Прислонившись к растущему неподалеку дереву, Валентин Григорьевич, окончательно придя в себя, посмотрел на испуганного француза и сказал:
- Теперь вы знаете, что бывает, когда я вижу воду в пруду, почему я ее так не люблю.
- Э-э-т-то что, у в-вас фобия такая? - спросил Пайротт, заикаясь.
- Можно и так сказать.
- А то я с-сперва решил, что у вас эп-п-илепсия или вроде того, вы так дрожали, как будто сейчас потеряете сознание.
- Пустяки. Просто не показывайте мне больше этот пруд, и все. Нам уже пора возвращаться.
- И все-т-таки вам нужно в лазарет, вы очень п-плохо выглядите. Я вам помогу дойти.
- Да не утруждайтесь... - Басланов попытался возразить, но француз настоял на своем.

* * *

Вечером, находясь в том же лазарете с якобы пораненной занозой рукой (с добрым доктором Аристарховым воспитанницы всегда могли договориться и отдохнуть по "болезни" пару дней от занятий), Запольская, лежа в постели и собираясь спать, внезапно услышала доносящиеся из соседней комнаты голоса. Поскольку кроме нее в палате больше пока никого не было, девушка решила узнать, кто может разговаривать в подобном месте на ночь глядя. Тихонько подойдя ближе к стене и прислушавшись, девушка поняла, что это говорит сам доктор.
- Да... Что здесь сказать... Ничего серьезного, просто нервы. Реакция на пережитые в прошлом события. Вам лучше будет постараться забыть о них или как можно реже вспоминать.
- Просто прошло уже девять лет, а я все никак не могу полностью оправиться. - послышался голос Басланова. - Стоит мне только посмотреть на воду в пруду, так... Это еще хуже, чем реакция большинства женщин при виде крови, мне снова кажется, что я там, почти на дне...
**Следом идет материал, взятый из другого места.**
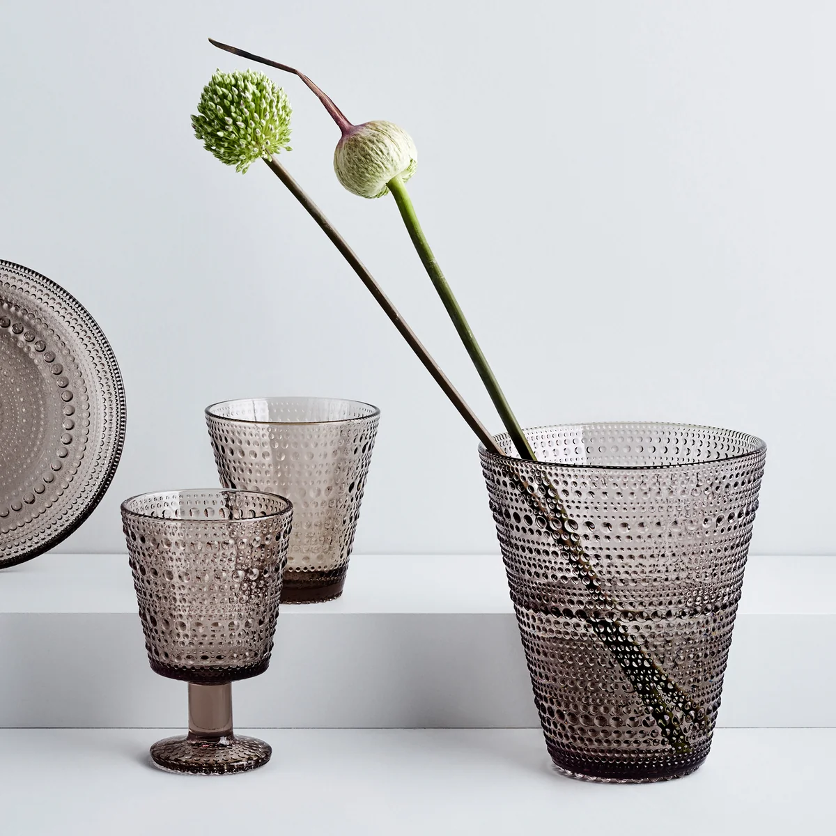 Le design Kastehelmi fut déjà influencé en 1964 par le designer de verrerie finlandais Oiva Toikka et convainc depuis par sa beauté naturelle. Kastehelmi signifie gouttes de rosée et décrit parfaitement le motif du vase.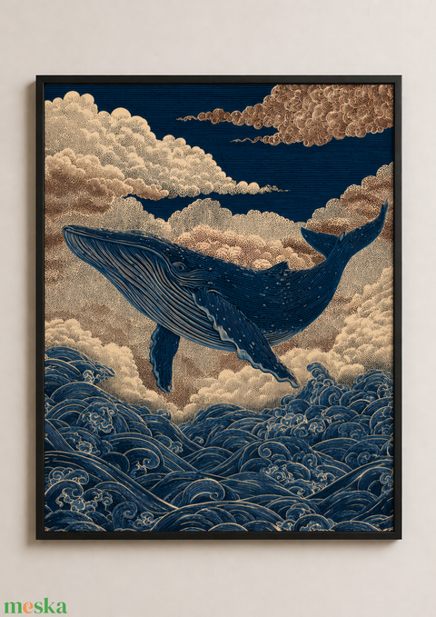 Bálna a hullámok között falikép – művészi, vintage hangulatú poszter, 42 × 30 cm

- Не мучьте себя. Отдохните. Через пару дней еще поговорим. Вы и так счастливый человек, Валентин Григорьевич, если после случившегося тогда бронхит прошел без последствий и видимых следов.
- Да, но след остался в душе, если она еще у меня есть. - мрачно ответил Басланов. Затем он попрощался к доктором и, видимо, ушел, поскольку наступила тишина.